What you will do:
Once you find the line with "5 year old girl" in the listing below, please repeat it and every later line exactly, through the last one, without pictures.

· · ·

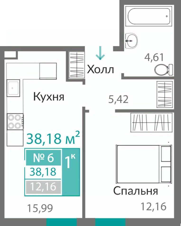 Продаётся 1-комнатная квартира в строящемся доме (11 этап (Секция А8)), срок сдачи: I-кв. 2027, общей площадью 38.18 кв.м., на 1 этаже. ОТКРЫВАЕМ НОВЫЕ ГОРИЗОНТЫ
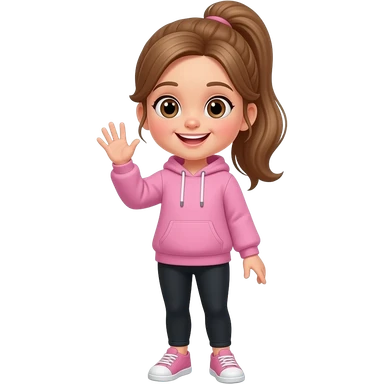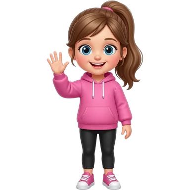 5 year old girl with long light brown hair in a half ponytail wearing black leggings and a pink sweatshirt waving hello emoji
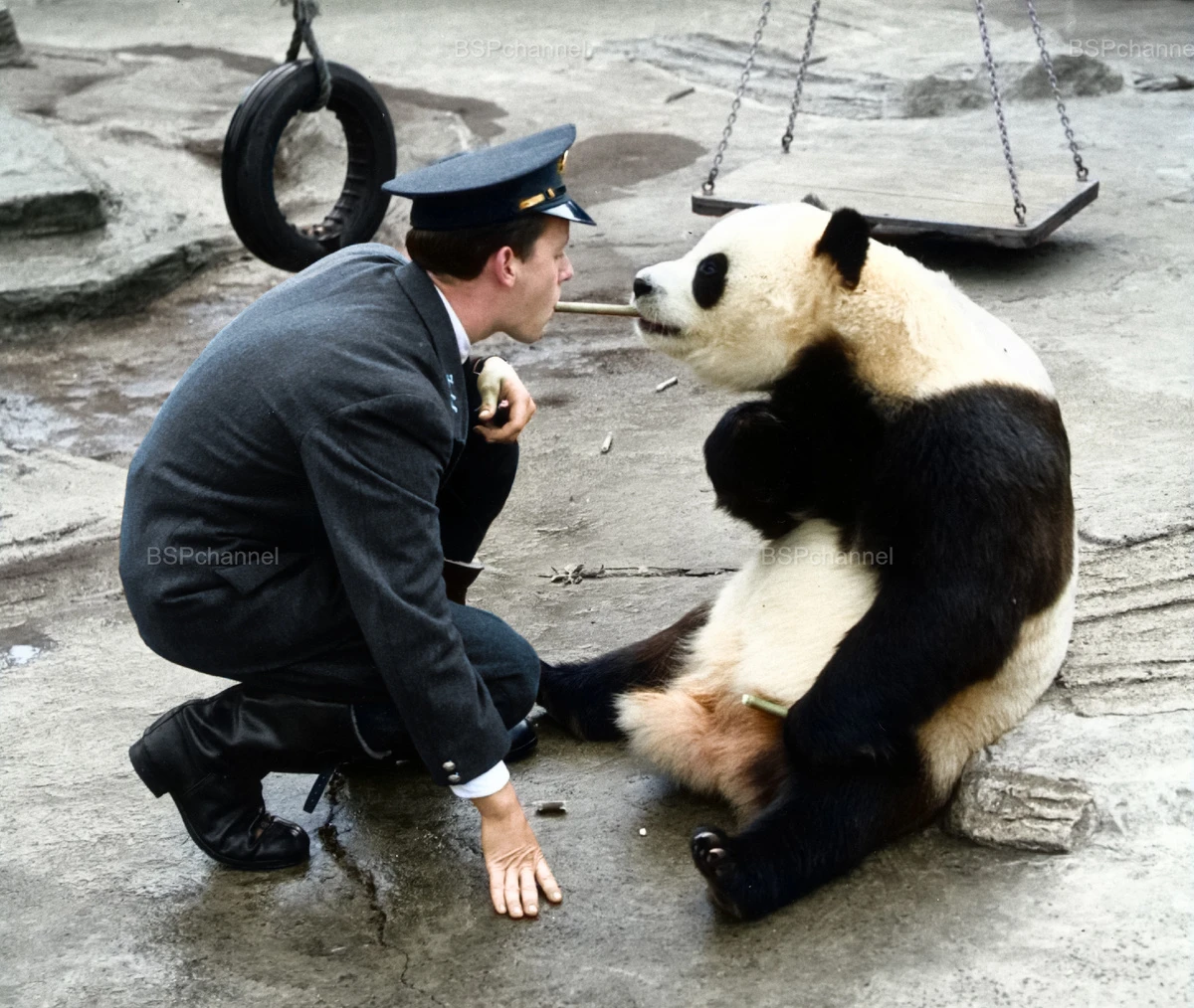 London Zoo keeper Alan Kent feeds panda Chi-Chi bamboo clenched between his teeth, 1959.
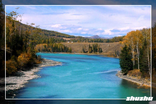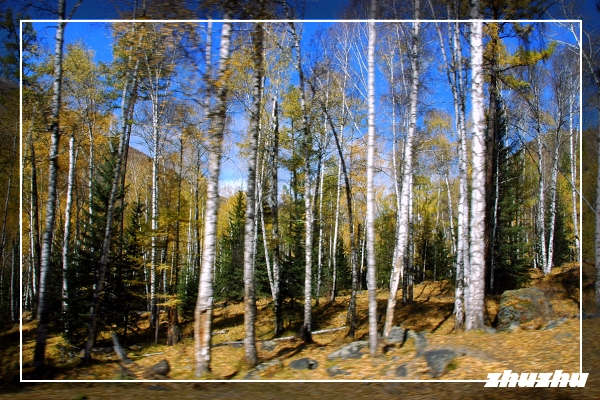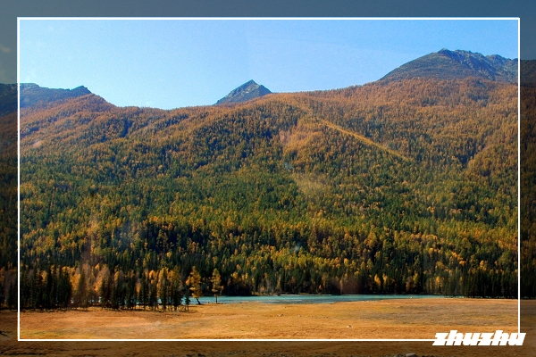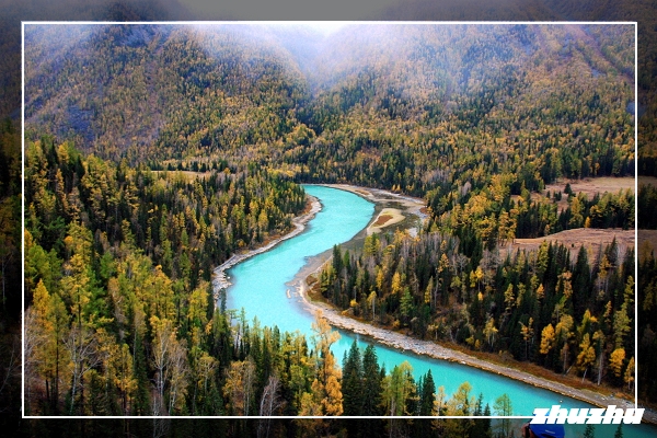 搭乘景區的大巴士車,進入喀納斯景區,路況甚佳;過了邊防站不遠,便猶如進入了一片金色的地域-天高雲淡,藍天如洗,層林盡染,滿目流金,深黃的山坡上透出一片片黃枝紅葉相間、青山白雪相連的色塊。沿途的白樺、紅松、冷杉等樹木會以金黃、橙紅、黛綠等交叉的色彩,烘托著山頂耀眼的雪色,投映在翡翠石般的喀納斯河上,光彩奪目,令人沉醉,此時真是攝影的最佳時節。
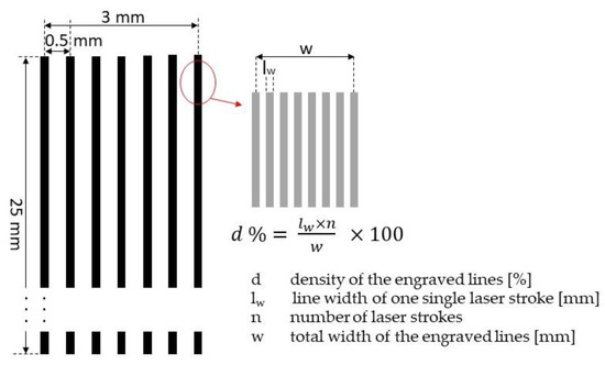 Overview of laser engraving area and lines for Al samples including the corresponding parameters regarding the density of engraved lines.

· · ·

Exercise result:
 5 year old girl with long light brown hair in a half ponytail wearing black leggings and a pink sweatshirt waving hello emoji
 London Zoo keeper Alan Kent feeds panda Chi-Chi bamboo clenched between his teeth, 1959.
 搭乘景區的大巴士車,進入喀納斯景區,路況甚佳;過了邊防站不遠,便猶如進入了一片金色的地域-天高雲淡,藍天如洗,層林盡染,滿目流金,深黃的山坡上透出一片片黃枝紅葉相間、青山白雪相連的色塊。沿途的白樺、紅松、冷杉等樹木會以金黃、橙紅、黛綠等交叉的色彩,烘托著山頂耀眼的雪色,投映在翡翠石般的喀納斯河上,光彩奪目,令人沉醉,此時真是攝影的最佳時節。
 Overview of laser engraving area and lines for Al samples including the corresponding parameters regarding the density of engraved lines.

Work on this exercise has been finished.